Basically what I'm saying is why are the charges in the circuit so smart as to be able to dissipate the same amount of energy?

Let's take another example. 3 resistors are in a circuit. 2 are in parallel, and the last resistor is in series with the 2 parallel resistors. Why are the charges (which split up into seperate branches in the parallel component) able to 'use up' the same amount of energy (ie the pd drop) and then join back into the main branch at the same potential?

6. Jul 5, 2007

### ranger

V = W/q; where W is work (joules) and q is unit of charge [moved]. As you know the amount of charge will vary depending on the resistance in the circuit. Now if we have a 10V source, so thats 10 joules of work per coulomb of charge. If we have 3 coulomb of charge flowing in one branch:
V = 30J/3q = 10J/C = 10V
[C = coulomb which is the unit of charge; J/C = V]
If in that very same circuit, on a different branch we have 7 units of charge. This will give an electric potential of:
V = W/q = 70J/7q = 10J/C = 10V.

Makes sense?

7. Jul 5, 2007

### youknowme

Hmm, I have wondered about this too and I thought of an explanation that might work. Think about this, the electrons in the main branch tries to move forward and when it comes to the split point, the electrons in the wire will exert an equal force to the electrons in each parallel circuit. So the potential difference for each circuit is the same.

8. Jul 5, 2007

### truewt

Why is it so that the ratio between the work done by the charges and the amount of charges (ie the pd) always the same in the branches of the parallel component?

9. Jul 5, 2007

### Staff: Mentor

First of all, remember that real wires have some small but finite resistance. So depending on how you connect up the parallel components, they may see slightly different voltages across them depending on how much voltage drop there is in the interconnections. This is what you should use to answer your original question -- ask yourself what the resistance of the interconnections is, compared to the resistance of the components that are connected in parallel.
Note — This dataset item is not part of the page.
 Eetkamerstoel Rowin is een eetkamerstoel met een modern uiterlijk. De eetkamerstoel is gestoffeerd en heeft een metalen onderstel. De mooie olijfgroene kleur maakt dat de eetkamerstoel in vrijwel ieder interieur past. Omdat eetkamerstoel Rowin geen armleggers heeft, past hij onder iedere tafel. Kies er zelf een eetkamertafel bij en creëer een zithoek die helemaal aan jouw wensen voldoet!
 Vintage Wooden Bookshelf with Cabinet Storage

If you use 30AWG (tiny) wire to wire up a bunch of 1 Ohm power resistors "in parallel", with 100cm space between each resistor, and the first resistor adjacent to the power supply, then you will not measure the full power supply voltage 9m away at the end resistor....

And in your quoted question here, I think you are asking about the ratio of the power in a branch to the current in the branch? When you say "charges", I think you mean the flow of the charges with respect to time, right? If so, P=VI should answer the question, right. P/I=VI/I=V, which is the same across all branches....

10. Jul 5, 2007

### truewt

Hmmm, to the first part of your answer, it is right. But usually we assume ideal conditions and the wires have no resistance..
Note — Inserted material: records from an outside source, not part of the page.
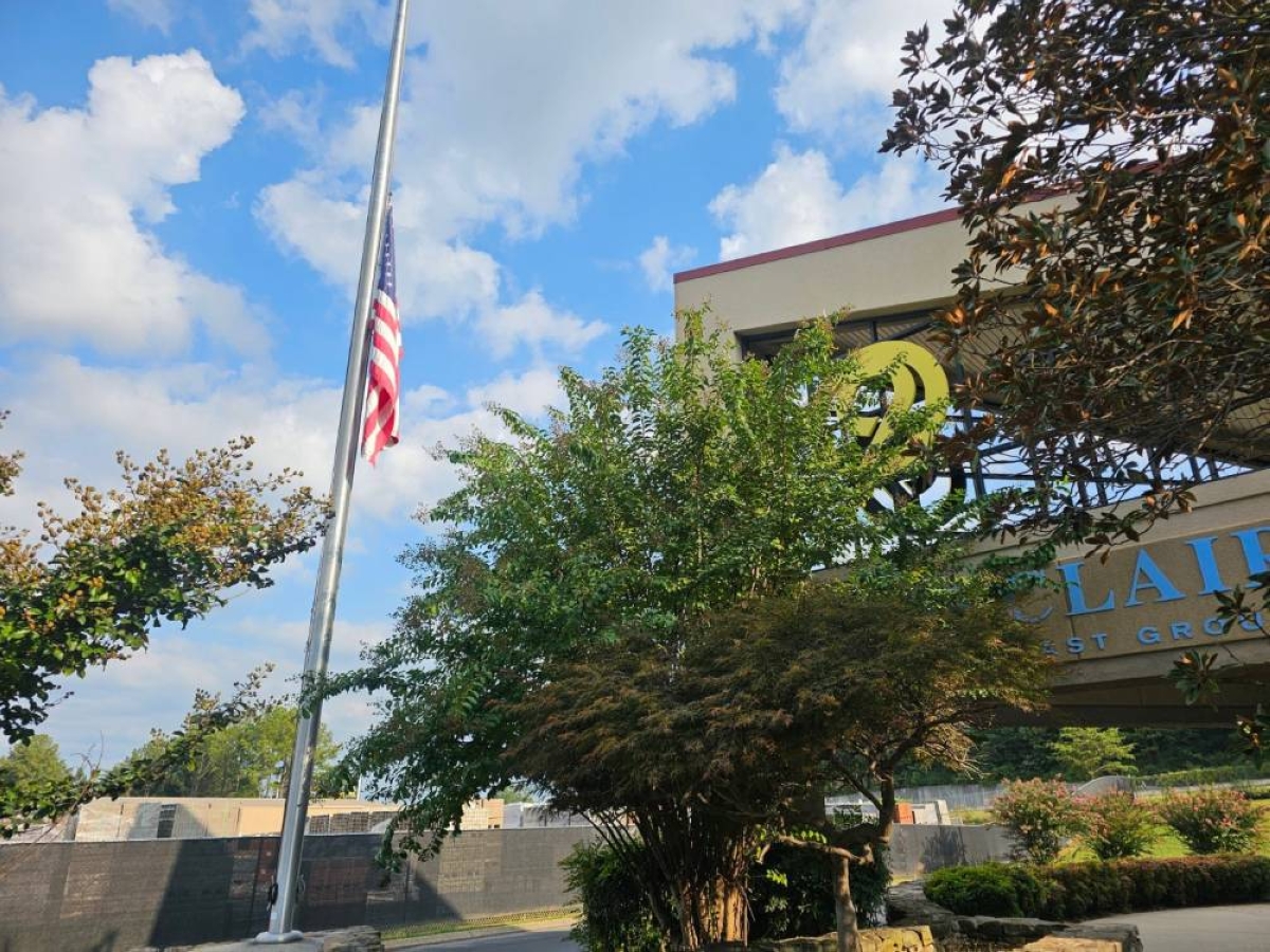 نُكّست أعلام 32 دولة في حلف الأطلسي أمام مبنى المقر الرئيسي في بروكسل، مرفوعة نصف ارتفاعها؛ تعبيراً عن الحداد على 2977 ضحية جراء الهجمات الإرهابية التي هزت الولايات المتحدة قبل ربع قرن.
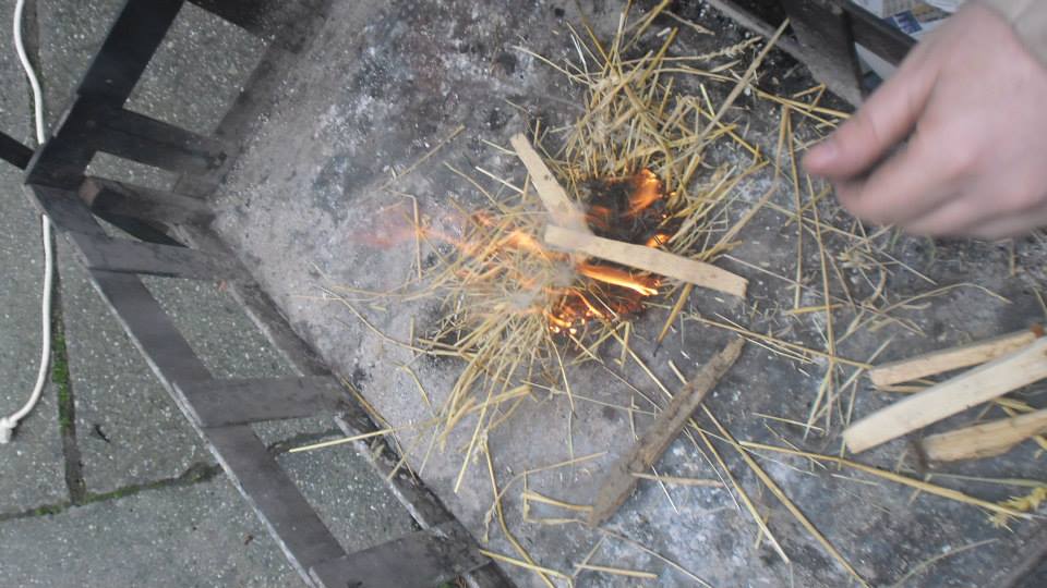 Oheň sme založili pomocou kresadla, práchna a slamy.
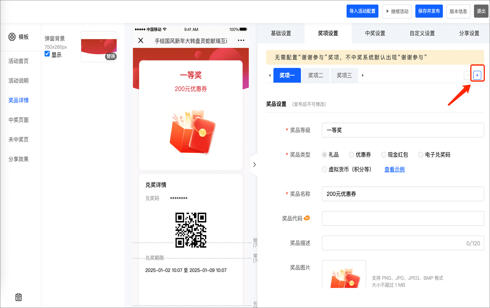 1、互动抽奖作品,暂停作品的情况下,奖项设置允许增加新奖品;
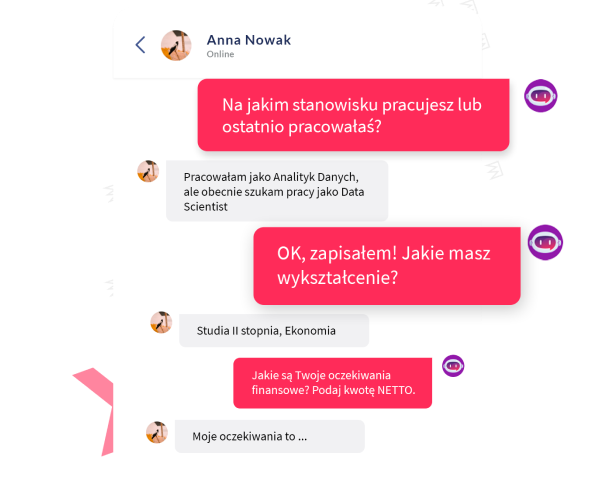 Automatyzuje proces odpowiadania na najczęstsze pytania i wątpliwości osób zainteresowanych pracą w Twojej firmie. Wykorzystując zdefiniowaną wcześniej bazę wiedzy jest w stanie odpowiadać na kwestie dotyczące dowolnie wybranej tematyki, np.: benefitów, etapów rekrutacji, sposobu aplikowania oraz zarekomendować kandydatowi pracę w Twojej firmie. Dzięki temu idealnie wpisuje się w strategie Employer Branding’owe firm, którym zależy na otwartości i budowaniu pozytywnych doświadczeniach kandydatów.

As for the second part of your reply, the point i'm asking is that why is the voltage the same? why is the work done per unit charge across each resistors in the parallel circuits the same?

11. Jul 5, 2007

### Staff: Mentor

Why is the voltage the same? We already answered that. Because the interconnection resistance is negligible compared to the parallel component resistances. To get a voltage drop, you need current flowing through a resistance. V=IR, so if R is negligible, the V is too.

I also already answerd the second question. P/I=VI/I=V, which is the same for all branches.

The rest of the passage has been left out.